Developing community nodes
I have a fair amount of experience on this platform from various perspectives and for years have been espousing the concept of community nodes for example in this one from 2017, "building community nodes" which might be worth a read. These gathering points are vital for the health of the platform as meeting points for all kinds of users and the dissemination of all kinds of information, as well as being able to effectively improve experience through the genuine interaction and a lead by example approach. It is because of this that I feel that these account not posting is far more costly to the platform than the amounts that they might take on a post, even if from time to time ta particular post isn't their best - everyone has off-days - and the off days are often value adding anyway, as the audience interaction will arrive to add weight to the content.
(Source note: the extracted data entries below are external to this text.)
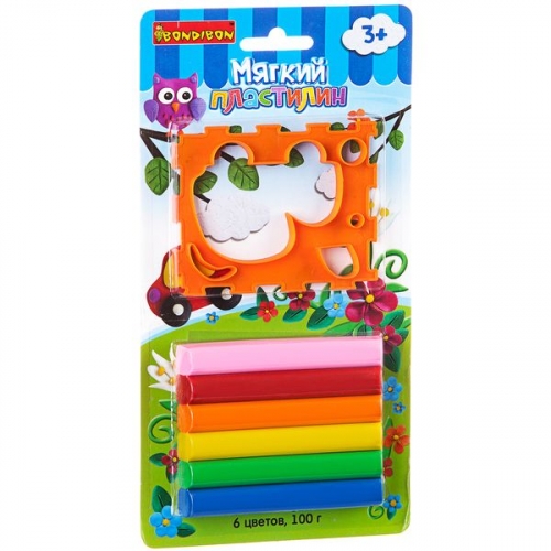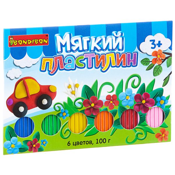 Мягкий пластилин, Bondibon, 6 стандарт цветов, 100 гр., CRD, арт. ST-100-6
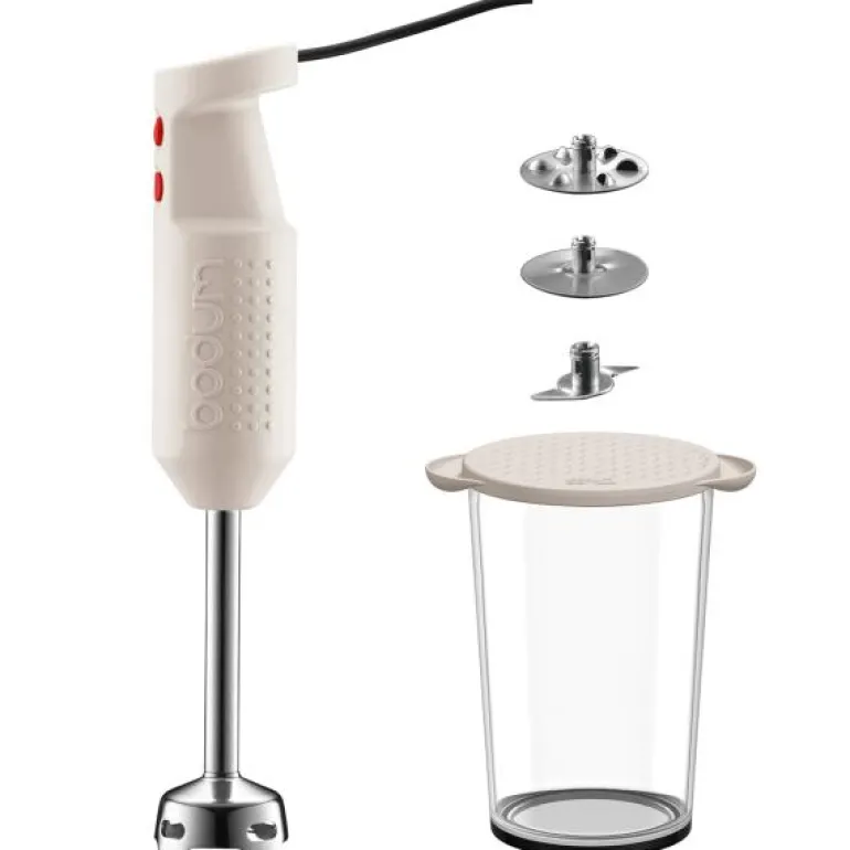 Nyt full kontroll over matlagingsoppgaver med BISTRO stavmiksersettet. Med sin kraftige motor med to hastigheter og praktiske tilbehør gir dette multifunksjons kjøkkenverktøyet deg kraften til å blande og hakke, slik at du kan lage en rekke kulinariske kreasjoner raskt og enkelt.Denne smarte gadgeten er morsom å bruke og enkel å rengjøre. Den er ideell for de som elsker å lage næringsrike, ferske måltider, men som ikke vil bruke timer på å tilberede ingrediensene. Fra purering av babymat og pisking av krem, til visp av majones og pisking av eggehviter, tilbyr denne elektriske blenderstaven en verden av allsidighet til fingerspissene. Stavmiksersettet inkluderer tre tilbehør i rustfritt stål, hver designet for spesifikke matlagingsoppgaver, pluss et beger som er ideelt for pureing og fungerer som en oppbevaringsbeholder når det toppes med det medfølgende lokket.
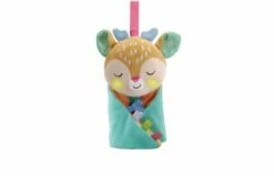 Druk op het neusje om lieve zinnetjes, rustgevende melodietjes, gezongen liedjes en geluiden te horen. Kan gebruikt worden als knuffeldoekje met bijtring, knuffelhertje en fopspeenhouder. Weet je waar ik van hou? Knuffelen met jou! Wordt inclusief 3 knoopcelbatterijen geleverd in try-me verpakking.
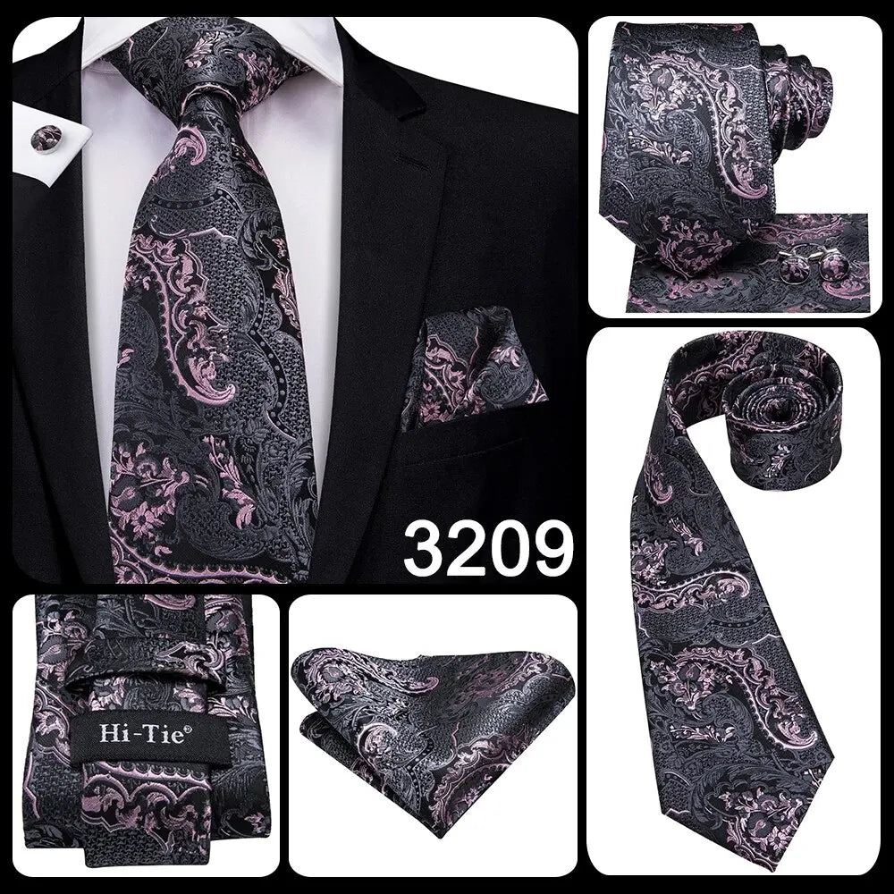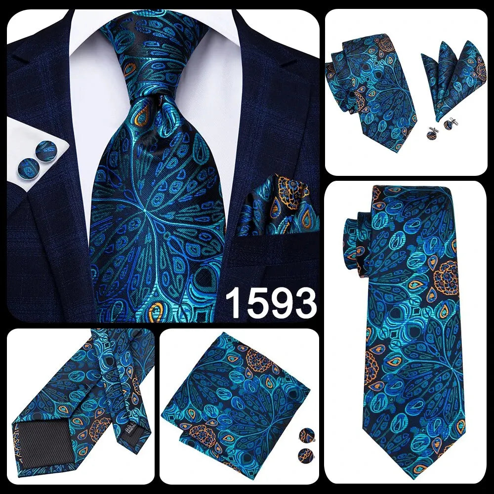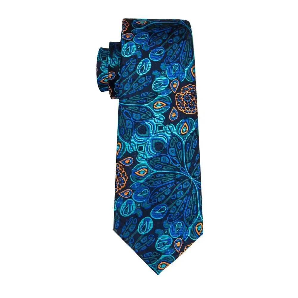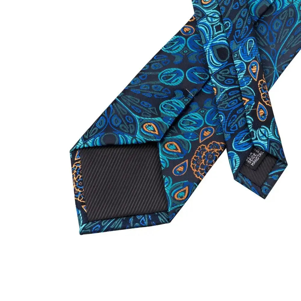 Hi-Tie Peacock Blue Novelty Designer Silk Wedding Tie For Men Hanky Cufflinks Gift Mens Fashion Necktie Set Business Party
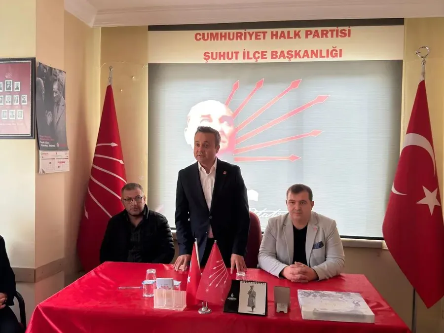Şuhut İlçe Başkanlığı binasında samimi bir atmosferde gerçekleşen ziyarette, CHP İl Başkanı Faruk Duha Erhan’a il yönetim kurulu üyeleri ve parti koordinatörleri de eşlik etti.
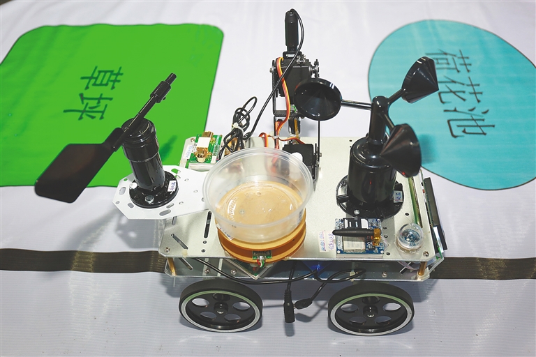 郭彦宏和刘佳琳在地上铺上公园模拟地形图,启动“湿地卫士”机器人。在光敏传感器的作用下,机器人可按照预先设定的路线“巡逻”。行驶至“荷花塘”时,机器人装载有水体PH值测量器的机械手臂伸进“荷花塘”内,即可完成水体PH值、水温的检测。“其余的风向、风速、空气温度等数值,都可以在机器人巡逻的过程中实时完成。”郭彦宏说。
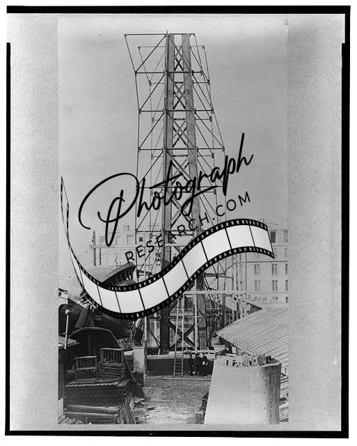 [[Parts of the Statue of Liberty in the background at the Gaget, Gauthier & Co. workshop in Paris, 1881-1883]]

Attentive in an attention economy
I did say, there might be a lot of disagreement with some aspects of this post, but I think that the compounding effects of content, author and the relationships formed have to be taken into consideration heavily before judging whether a post is over-rewarded or not, including by the author themselves. When it comes to building a strong community, pillars of some kind are generally needed to support the increasing height and on Hive, some of these pillars are contributors that provide a space for social connections of various kinds.
The other thing to consider is that while a particular pillar might get rewarded, one also has to look at what kinds of value streams are swirling around it, what kinds of relationships are forming and what knock-on affects they are having on the rest of the community. Often, it is new initiatives, new communities and new community nodes forming. In time, these spread wider to support a continually growing userbase of diverse content and background.
So, while autovotes and highly-rewarded posts can generate a lot of disagreement and conversation around what is valuable, the value the account generates itself has to be factored into the calculations. This is more difficult to do, but quite easy to observe if paying attention. This is an attention economy, are you being attentive?
See you at one of the community bars.